If democracy is indeed on trial it seems obvious that Harvard should see to it that her graduates, as future leaders of the community, be prepared to take an intelligent position in the modern political scene. This means that they should be ready to vote intelligently and furthermore, able to argue and discuss politics intelligently. But the growing complexity of political problems has made such a preparation more and more difficult. It is no longer possible to obtain a grasp of modern conditions by means of the conventional training in the liberal arts. Some specific knowledge of the social sciences is becoming more important than ever.
It appears to be necessary, therefore, that Harvard make a basic training in the social science compulsory. Every student should be required to take one of the elementary courses, History 1, Government 1, or Economics A, or else should be allowed to demonstrate his knowledge by passing a general examination on political theory by the end of his Junior year.
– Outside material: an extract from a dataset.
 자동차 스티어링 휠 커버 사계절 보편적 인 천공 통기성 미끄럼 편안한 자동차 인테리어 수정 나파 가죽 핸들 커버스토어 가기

In this way those who have acquired adequate political knowledge by extracurricular reading and discussion in college would be enabled to omit these courses from their curriculum.
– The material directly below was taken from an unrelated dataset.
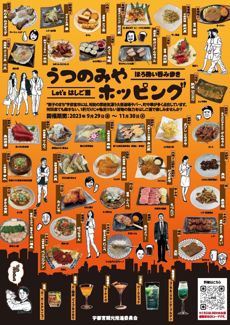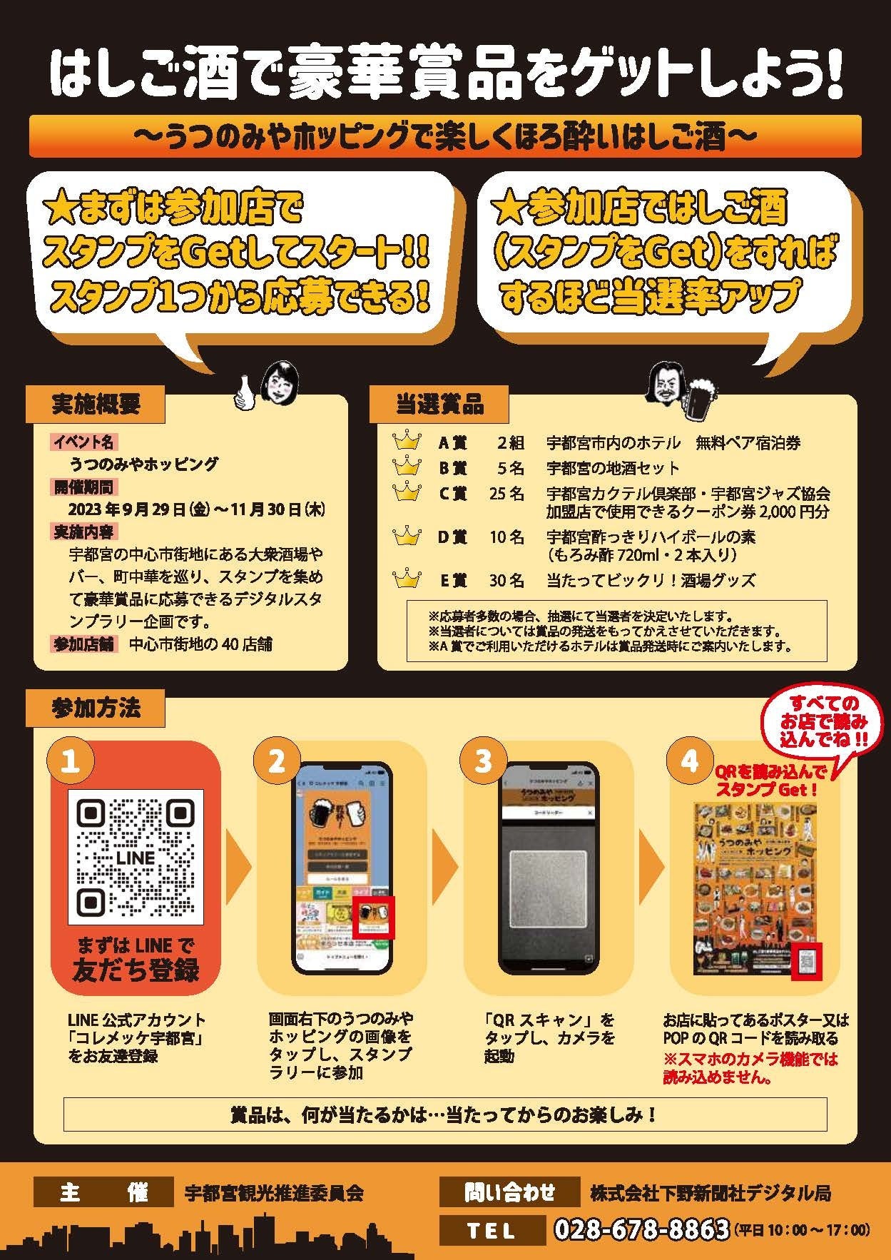 宇都宮の夜を満喫してもらうため,「食」,「酒」をはじめ,「ジャズ」や「カクテル」などの魅力を発信し,夜のにぎわい創出と観光客の滞在時間の延長,宿泊客の増加等を図ることを目的に,宇都宮の中心市街地にある大衆酒場やバー,町中華を巡り,スタンプを集めて豪華景品に応募できるデジタルスタンプラリーを実施します。参加店舗でスタンプを獲得すればするほど,当選率がアップしますので,是非コンプリート目指してホッピングを楽しんでください。

When definite requirements of this kind are suggested, the cry immediately goes up, "no compulsory courses." Such a sentiment is in line with the modern tendency towards more academic freedom, it is true, but such an objection to compulsory courses can often be exaggerated, particularly in this instance.
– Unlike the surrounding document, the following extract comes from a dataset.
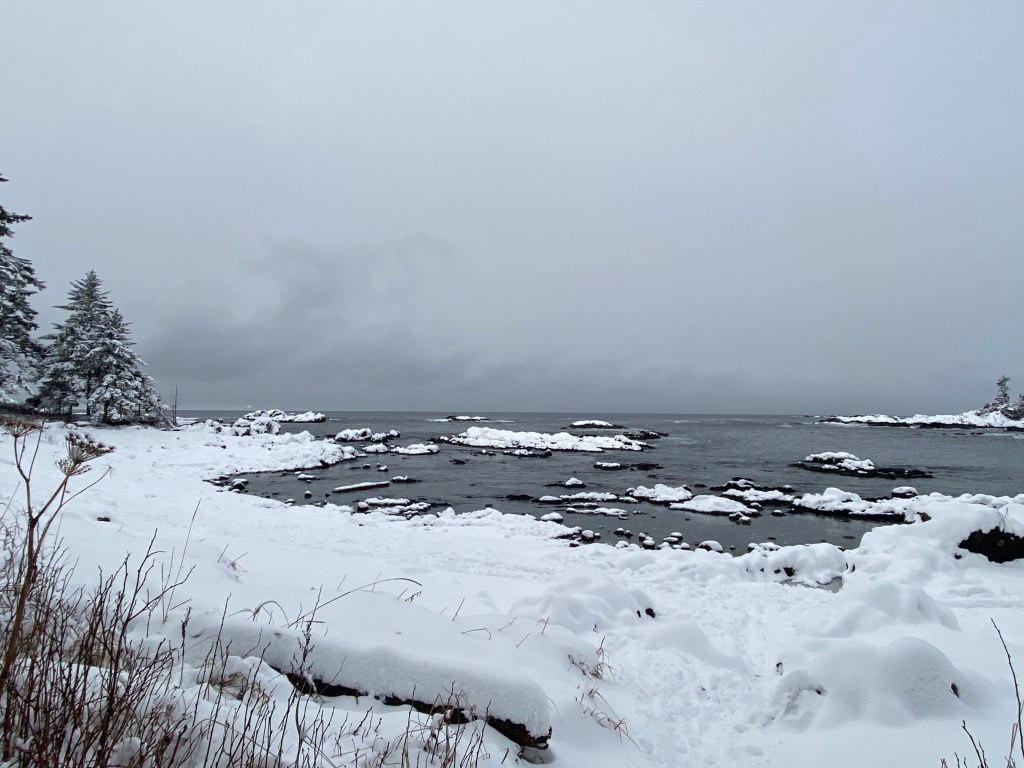 The beach was interestingly different, but actually quite difficult to navigate, with all the rocks and large pebbles hidden under the snow. Next time (next year?!) I’ll come down to the beach when it is snowing, see the flakes driving in off the water.

In the first place it is undoubtedly true that many students have no intelligent reasons for taking either one course or another. They are rather indifferent to schedules and fields of concentration, and any requirement that steers them into a course of such proved value can only be for their good. Furthermore, it seems to be the case that the average student does not object strongly to required courses as such. The reports of the various language courses in the Confidential Guide record no great objection to the necessity of taking any one of them. Even the English A report is not unfavorable and the protests which are heard occasionally can be attributed more to the fact that the course itself is a chore rather than because it is compulsory.
Lastly, it is true that many men in other fields develop an interest in the social sciences during their college careers and come to see the value of these subjects, so that if the requirement was put off until Junior year, it might be passed off voluntarily by many, without a feeling of compulsion.